= Thomas Spencer (cricketer) =

English cricketer

Thomas Spencer (10 June 1850 – 28 November 1933) played first-class cricket for Somerset in three matches between 1891 and 1893. His birthplace is not known, and he died at Bishopsteignton, Devon.

Spencer's batting and bowling styles are not known and in his three first-class matches, one in 1891 and two in 1893, and all played when he was more than 40 years old, he batted as a tail-ender and did not bowl. His highest first-class score was 14, made in his first match, against Yorkshire, for whom George Hirst was also making his debut. Spencer had, however, played as a middle-order batsman and as an occasional bowler in other matches for Somerset during the period up to 1891 when the team's matches were not deemed first-class.
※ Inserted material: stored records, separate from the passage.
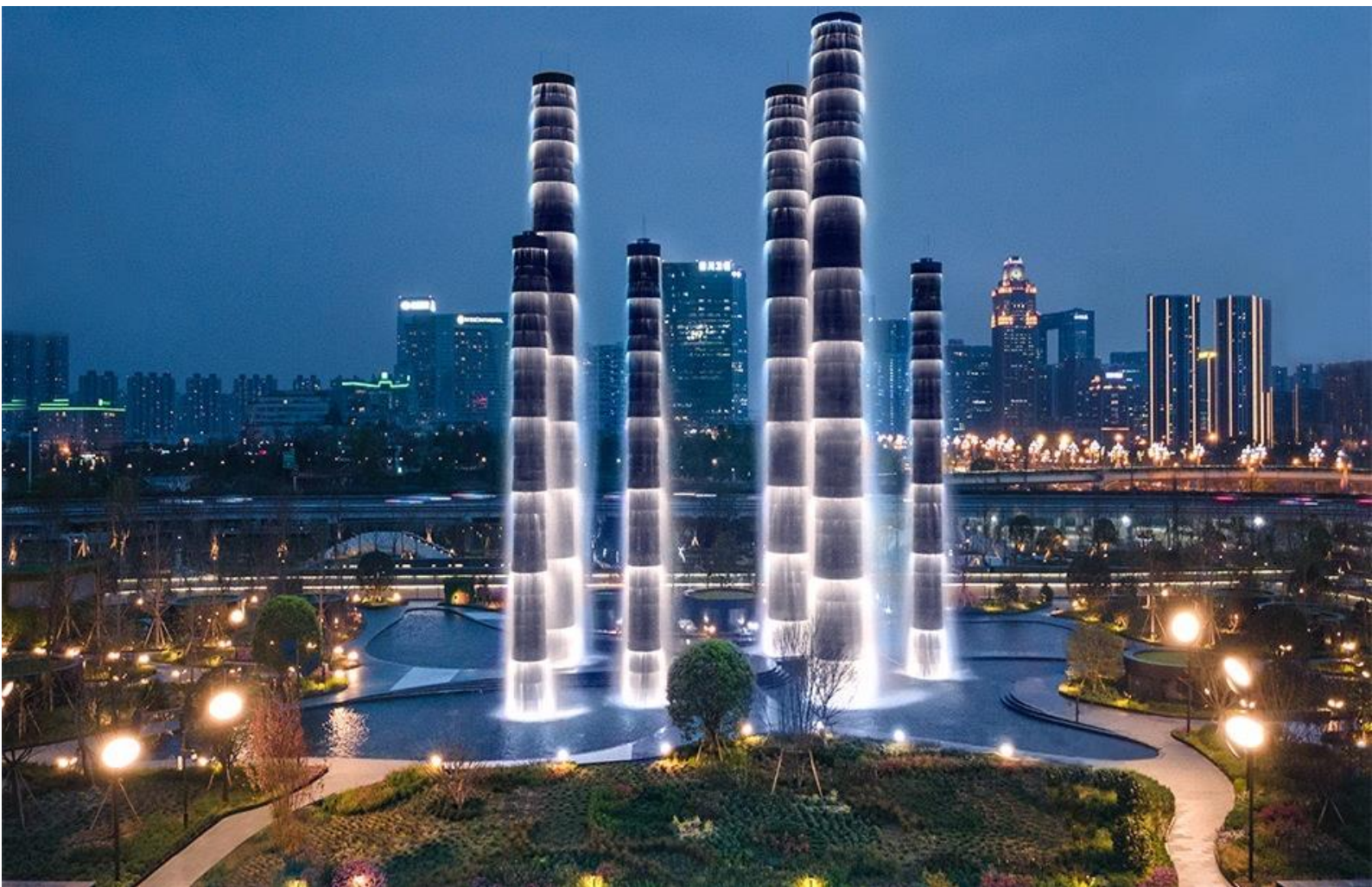
เสาน้ำพุไม้ไฟ SKP Chengdu ตอนกลางคืนมีเปิดไฟเล่นแสงสีที่ตัวเสาแบบสวยงามมากด้านล่างเป็นห้างแบรนด์ เนมอย่างหรูเหมาะกับสายลัทธิ
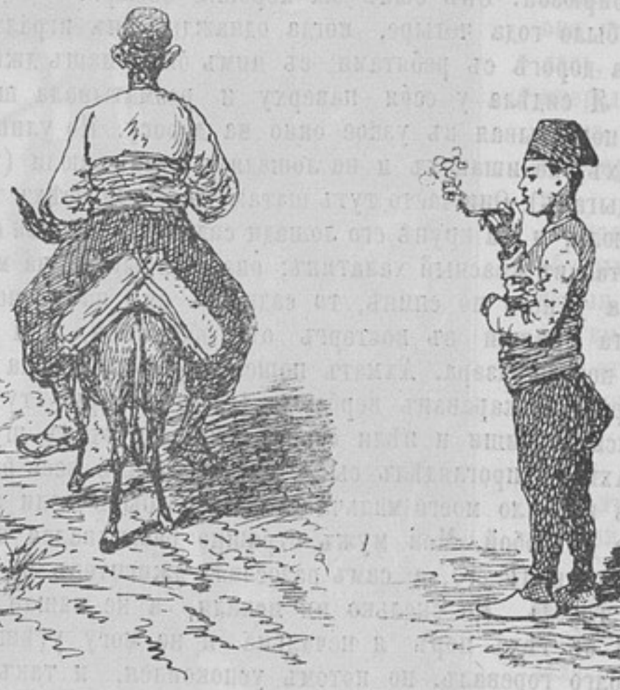
Типы Габровскихъ жителей.

лень, особенно на главной улицѣ, представляющей изъ себя
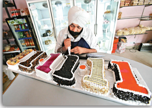
▲印度男子製作「11.11.11」圖案的蛋糕
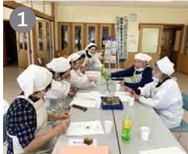
1 役員会で献立を考えて、 買い物の準備もします。
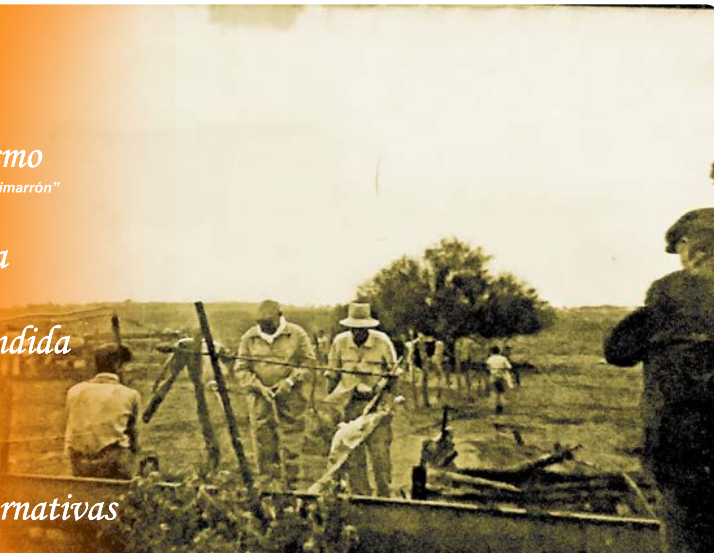
Año 36. Campo de Bassaber, Av 14 hacia el Norte
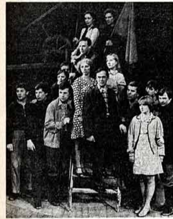
Революционное, героическое прошлое нашей страны продолжает жить в произведениях советских писателей и художников, кинооператоров и драматургов, на экранах кинематографа и сцене театров. На одной из сцен Центрального детского театра идет новый спектакль — «Молодая гвардия». В мире кино — в мире любимых героев.

Исполнитель редактора ельнинской районной газеты «Знамя», Смоленская область.
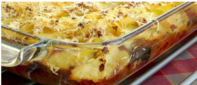
Turmada de papas parameras.

Entre las antiguas costumbres tachirenses de hacer comidas, con un toque especial, el día viernes, día que, para el pueblo judío, representa la víspera del día de descanso el shabat . Sánchez (2019), al referirse a un plato típico de La Grita y Pregonero, recuerda:
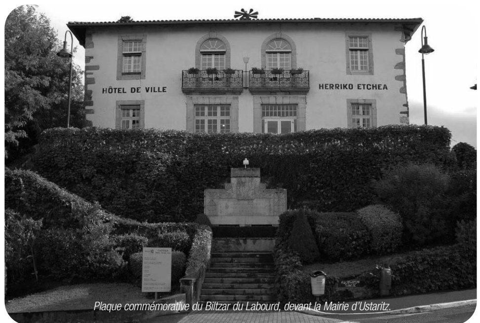
Plaque commémorative du Biltzar du Labourd, devant la Mairie d'Ustaritz.

Le Biltzar du Labourd envoya ses représentants à Paris avec les célèbres frères Garat. Dans les cahiers de doléances, les Labourdins affirmaient ne pas vouloir changer d'institutions, fait unique !
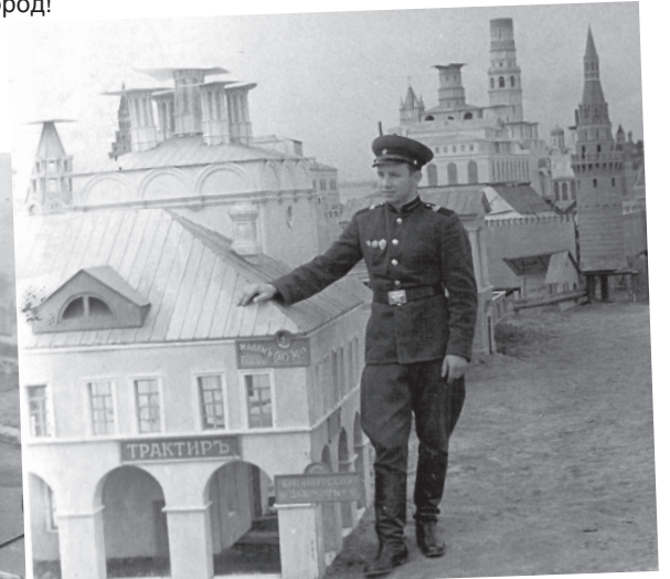
1963 год. У декораций фильма «Война и мир», который снимали в то время в Переславле
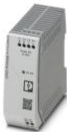
用于DIN导轨安装的UNO POWER电源，初级开关模式，输入：1相，输出：5 V DC/40 W

Please be informed that the data shown in this PDF Document is generated from our Online Catalog. Please find the complete data in the user's documentation. Our General Terms of Use for Downloads are valid ( http://download.phoenixcontact.com )
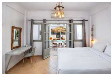
DOUBLE POOL VIEW
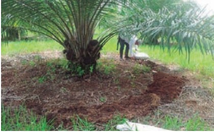
Aplicación de materia orgánica (compost) en el plato de la palma.
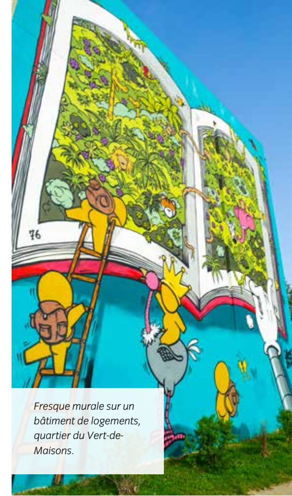
Fresque murale sur un bâtiment de logements, quartier du Vert-de-Maisons.

Il s'agit avant tout de rendre l'Art accessible à tous. Il est également demandé de promouvoir la préservation et la reconversion patrimoniale.
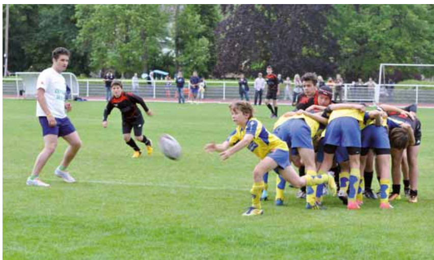
Finale du tournoi " Benjamins Top 14 " en 2013.
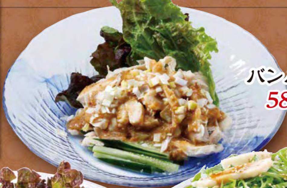
バンバンジー 580 (税込) 円
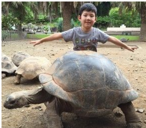
アルダブラゾウガメ

Spencer's role within Somerset County Cricket Club was wider than just as a player: a history of the club indicates that at the time of the restoration of Somerset to first-class status, Spencer was helping the club secretary, H. E. Murray-Anderdon, with the administration duties, a task he handed over when Sammy Woods was recruited as an "amateur" player in need of financial assistance in 1893. Another history refers to him as the "diffident and effective joint secretary" alongside Murray-Anderdon. As a Somerset official, he attended the meeting of the County Cricket Council in December 1890 with Somerset captain Herbie Hewett at which the council unexpectedly voted to abolish itself, opening the way for the first-class counties to increase their number by arranging fixtures between themselves, with Somerset as the first beneficiary of this loosening of the rules.